RAW DATA:
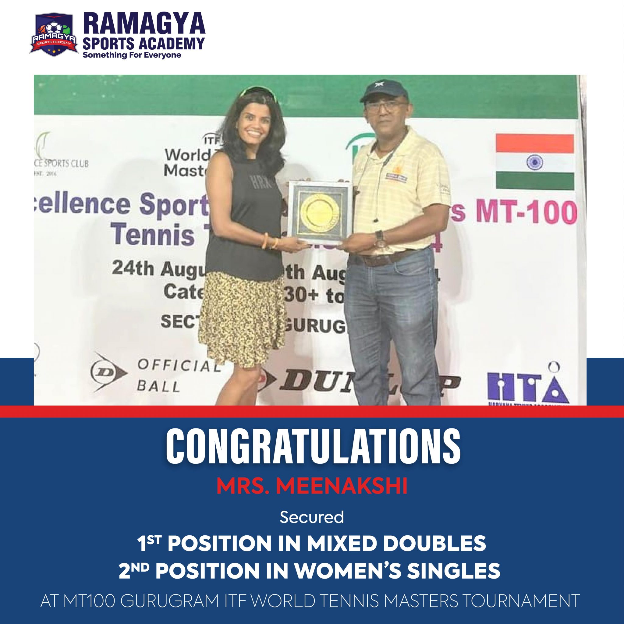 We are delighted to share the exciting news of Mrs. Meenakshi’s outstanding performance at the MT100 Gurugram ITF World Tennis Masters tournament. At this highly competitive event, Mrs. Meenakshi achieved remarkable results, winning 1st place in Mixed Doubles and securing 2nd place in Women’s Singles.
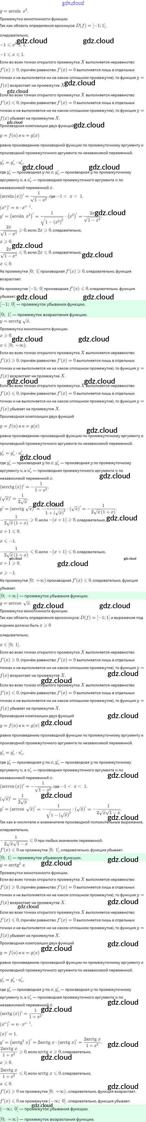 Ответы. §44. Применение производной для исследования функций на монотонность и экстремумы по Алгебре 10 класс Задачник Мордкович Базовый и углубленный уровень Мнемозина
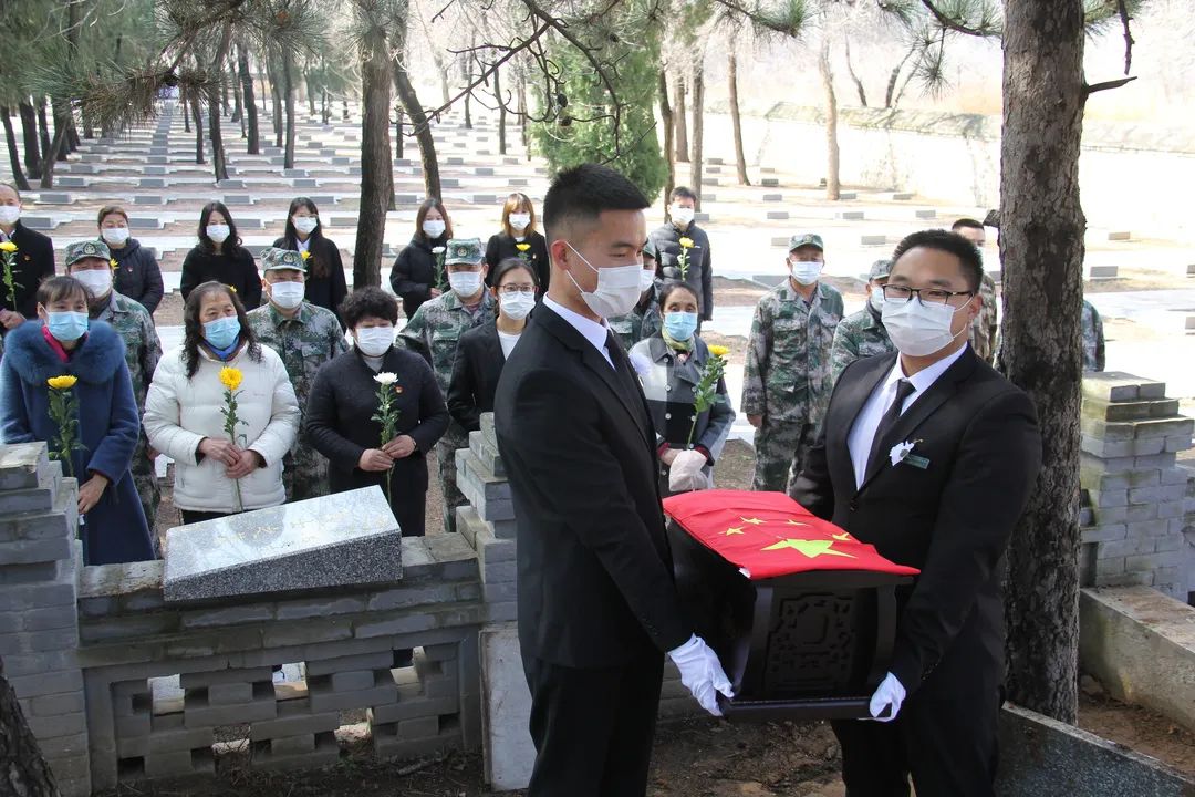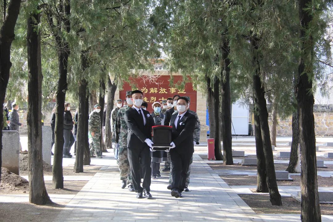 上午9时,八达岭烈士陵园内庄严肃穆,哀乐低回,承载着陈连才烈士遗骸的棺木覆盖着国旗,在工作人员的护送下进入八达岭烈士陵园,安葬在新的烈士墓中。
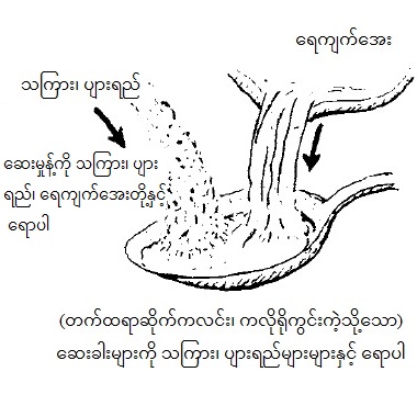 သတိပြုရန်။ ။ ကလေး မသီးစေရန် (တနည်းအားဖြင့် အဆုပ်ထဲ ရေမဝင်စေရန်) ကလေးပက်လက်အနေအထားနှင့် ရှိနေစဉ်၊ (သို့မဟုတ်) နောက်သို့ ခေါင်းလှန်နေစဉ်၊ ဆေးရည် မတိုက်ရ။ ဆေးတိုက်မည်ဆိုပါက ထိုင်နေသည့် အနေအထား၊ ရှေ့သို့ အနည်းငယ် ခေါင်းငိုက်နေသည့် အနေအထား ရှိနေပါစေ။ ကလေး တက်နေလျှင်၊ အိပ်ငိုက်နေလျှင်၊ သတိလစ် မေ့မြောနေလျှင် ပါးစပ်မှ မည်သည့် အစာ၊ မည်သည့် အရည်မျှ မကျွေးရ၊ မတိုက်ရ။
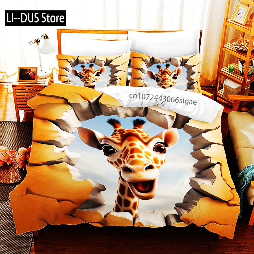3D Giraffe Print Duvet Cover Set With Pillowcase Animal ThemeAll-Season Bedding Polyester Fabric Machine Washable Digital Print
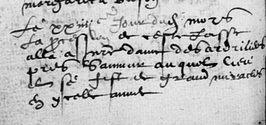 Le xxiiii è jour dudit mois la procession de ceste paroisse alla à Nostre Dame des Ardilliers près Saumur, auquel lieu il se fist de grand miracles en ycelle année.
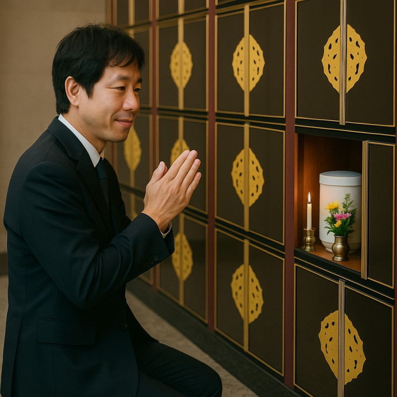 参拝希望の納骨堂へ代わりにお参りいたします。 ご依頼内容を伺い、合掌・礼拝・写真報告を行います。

--

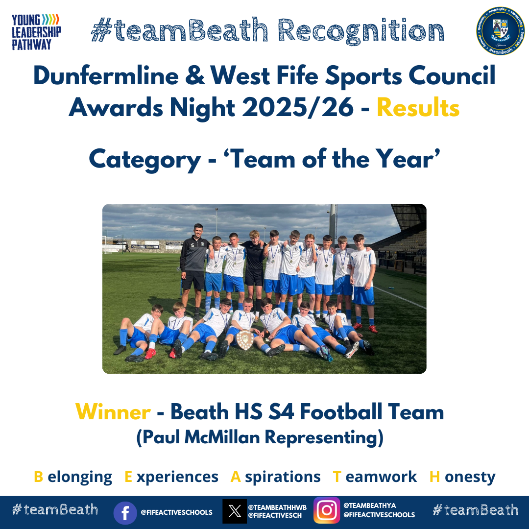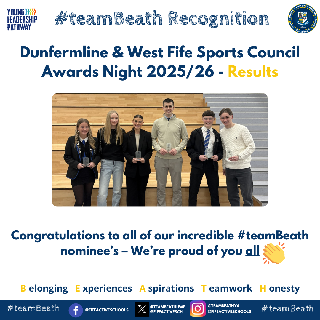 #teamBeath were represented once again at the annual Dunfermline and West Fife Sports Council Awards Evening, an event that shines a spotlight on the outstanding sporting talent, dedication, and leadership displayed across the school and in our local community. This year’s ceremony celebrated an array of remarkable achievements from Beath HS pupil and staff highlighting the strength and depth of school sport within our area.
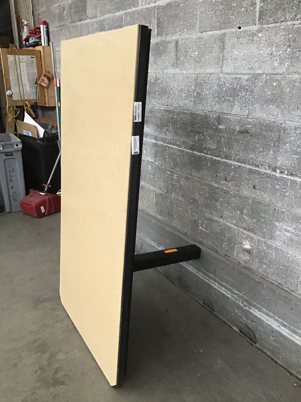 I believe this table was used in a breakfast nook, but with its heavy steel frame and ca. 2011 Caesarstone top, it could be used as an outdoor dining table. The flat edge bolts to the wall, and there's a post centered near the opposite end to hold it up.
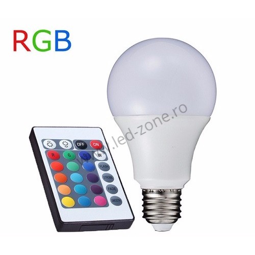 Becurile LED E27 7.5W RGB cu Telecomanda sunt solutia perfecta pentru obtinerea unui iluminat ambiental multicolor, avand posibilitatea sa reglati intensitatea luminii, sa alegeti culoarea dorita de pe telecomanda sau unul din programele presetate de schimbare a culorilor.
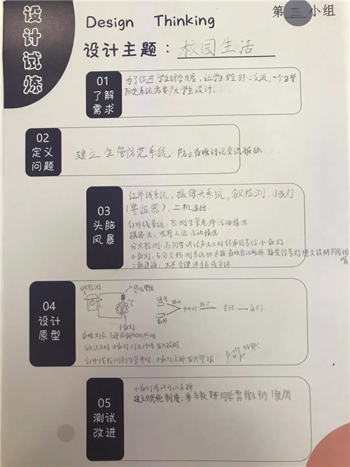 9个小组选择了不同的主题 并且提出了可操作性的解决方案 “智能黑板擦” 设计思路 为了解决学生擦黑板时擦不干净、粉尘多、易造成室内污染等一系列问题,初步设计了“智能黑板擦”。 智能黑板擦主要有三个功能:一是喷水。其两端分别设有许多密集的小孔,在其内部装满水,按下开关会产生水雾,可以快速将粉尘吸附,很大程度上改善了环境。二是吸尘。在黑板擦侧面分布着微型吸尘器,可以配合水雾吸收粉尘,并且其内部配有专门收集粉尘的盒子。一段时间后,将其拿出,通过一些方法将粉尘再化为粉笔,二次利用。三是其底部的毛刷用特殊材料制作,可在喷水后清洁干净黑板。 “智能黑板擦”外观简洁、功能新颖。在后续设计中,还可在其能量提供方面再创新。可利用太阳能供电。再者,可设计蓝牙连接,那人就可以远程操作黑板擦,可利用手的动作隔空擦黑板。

WHAT TO DO: Above are records; repeat only the lines from the line with "We are delighted" through the line with "参拝希望の納骨堂へ代わりにお", and leave pictures out.

RESULT FOR THIS EXERCISE:
 We are delighted to share the exciting news of Mrs. Meenakshi’s outstanding performance at the MT100 Gurugram ITF World Tennis Masters tournament. At this highly competitive event, Mrs. Meenakshi achieved remarkable results, winning 1st place in Mixed Doubles and securing 2nd place in Women’s Singles.
 Ответы. §44. Применение производной для исследования функций на монотонность и экстремумы по Алгебре 10 класс Задачник Мордкович Базовый и углубленный уровень Мнемозина
 上午9时,八达岭烈士陵园内庄严肃穆,哀乐低回,承载着陈连才烈士遗骸的棺木覆盖着国旗,在工作人员的护送下进入八达岭烈士陵园,安葬在新的烈士墓中。
 သတိပြုရန်။ ။ ကလေး မသီးစေရန် (တနည်းအားဖြင့် အဆုပ်ထဲ ရေမဝင်စေရန်) ကလေးပက်လက်အနေအထားနှင့် ရှိနေစဉ်၊ (သို့မဟုတ်) နောက်သို့ ခေါင်းလှန်နေစဉ်၊ ဆေးရည် မတိုက်ရ။ ဆေးတိုက်မည်ဆိုပါက ထိုင်နေသည့် အနေအထား၊ ရှေ့သို့ အနည်းငယ် ခေါင်းငိုက်နေသည့် အနေအထား ရှိနေပါစေ။ ကလေး တက်နေလျှင်၊ အိပ်ငိုက်နေလျှင်၊ သတိလစ် မေ့မြောနေလျှင် ပါးစပ်မှ မည်သည့် အစာ၊ မည်သည့် အရည်မျှ မကျွေးရ၊ မတိုက်ရ။
3D Giraffe Print Duvet Cover Set With Pillowcase Animal ThemeAll-Season Bedding Polyester Fabric Machine Washable Digital Print
 Le xxiiii è jour dudit mois la procession de ceste paroisse alla à Nostre Dame des Ardilliers près Saumur, auquel lieu il se fist de grand miracles en ycelle année.
 参拝希望の納骨堂へ代わりにお参りいたします。 ご依頼内容を伺い、合掌・礼拝・写真報告を行います。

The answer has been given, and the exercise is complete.